Saudi Arabia said on Sunday it was time for the world to do everything it could to prevent aggression against the Syrian people, and that the Kingdom would back a US strike on Syria if the Syrian people did.
Foreign Minister Saud Al-Faisal urged Arab countries to back calls by the Syrian opposition for strikes.
Arab states must echo demands by the “legitimate” representatives of the Syrian people for “help from the international community to put an end to the bloodbath” in Syria, he said in Cairo, where he was attending a meeting of Arab League foreign ministers to discuss Syria.
He said the international community must stop “the aggression against the Syrian people before these people perish.”
“We call upon the international community with all its power to stop this aggression against the Syrian people,” Faisal said.

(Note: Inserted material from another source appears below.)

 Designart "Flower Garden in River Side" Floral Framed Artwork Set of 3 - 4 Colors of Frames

On the prospect of a US strike, he said: “We stand by the will of the Syrian people. They know best their interests, so whatever they accept, we accept, and whatever they refuse, we refuse.”
Prince Saud told the Arab League meeting that opposing military intervention encouraged the regime to “pursue its crimes.” “It is time to ask the international community to assume its responsibilities and to take deterrent measures” against the Syrian regime.”

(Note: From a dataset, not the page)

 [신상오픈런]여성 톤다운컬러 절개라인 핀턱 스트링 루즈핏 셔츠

Syria’s main opposition bloc said Sunday it was disappointed with Obama’s decision to seek approval from Congress for action against the regime, but said it believed lawmakers would approve a strike.
“We had a feeling of disappointment. We were expecting things to be quicker, that a strike would be imminent,” said Samir Nashar, a top official at the Syrian National Coalition. The head of the SNC, Ahmed Al-Jarba, told the meeting that the “war machine” of Assad must be stopped.

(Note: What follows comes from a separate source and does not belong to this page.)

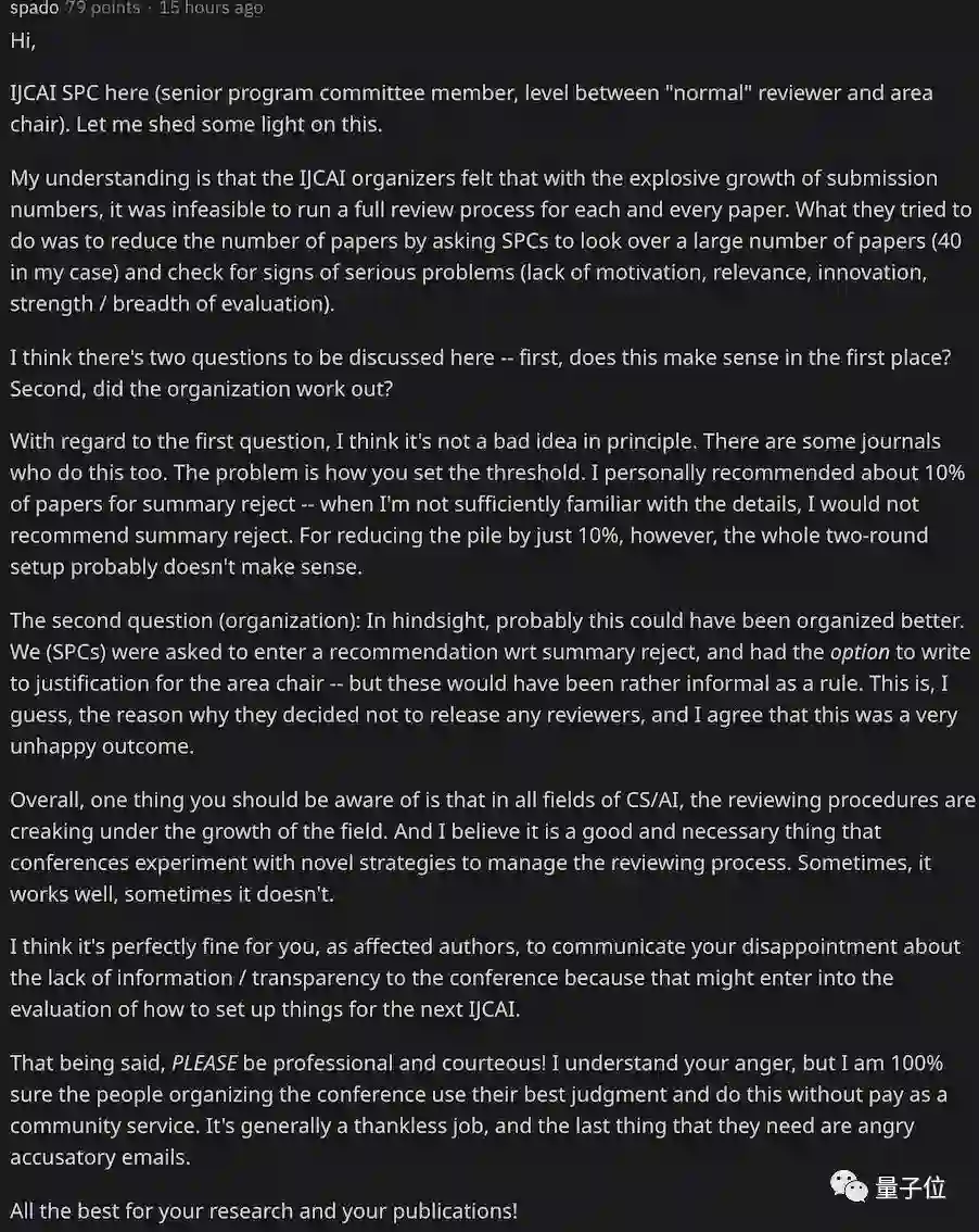 我的理解是,IJCAI的组织者认为,随着提交数量的爆炸性增长,对每一篇论文进行完整的审查是不可行的。他们试图减少论文数量,方法是让SPC查阅大量论文(我的情况是40篇),并检查严重问题的迹象(缺乏动机、相关性、创新、评估的力度/广度)。

“I am here before you today to appeal to your brotherly and humanitarian sentiments and ask you to back the international operation against the destructive war machine,” he said. However, some influential members of the League, including Egypt, Iraq, Lebanon, Tunisia and Algeria, have expressed opposition to foreign military intervention. Egypt said it objected to “any aggression in Syria.”
In a surprising development, former Iranian President Akbar Hashemi Rafsanjani said the Syrian government had carried out the chemical attack against its own people, the semi-official Iranian Labour News Agency reported on Sunday.
“The people have been the target of a chemical attack by their own government and now they must also wait for an attack by foreigners,” Rafsanjani said, according to ILNA.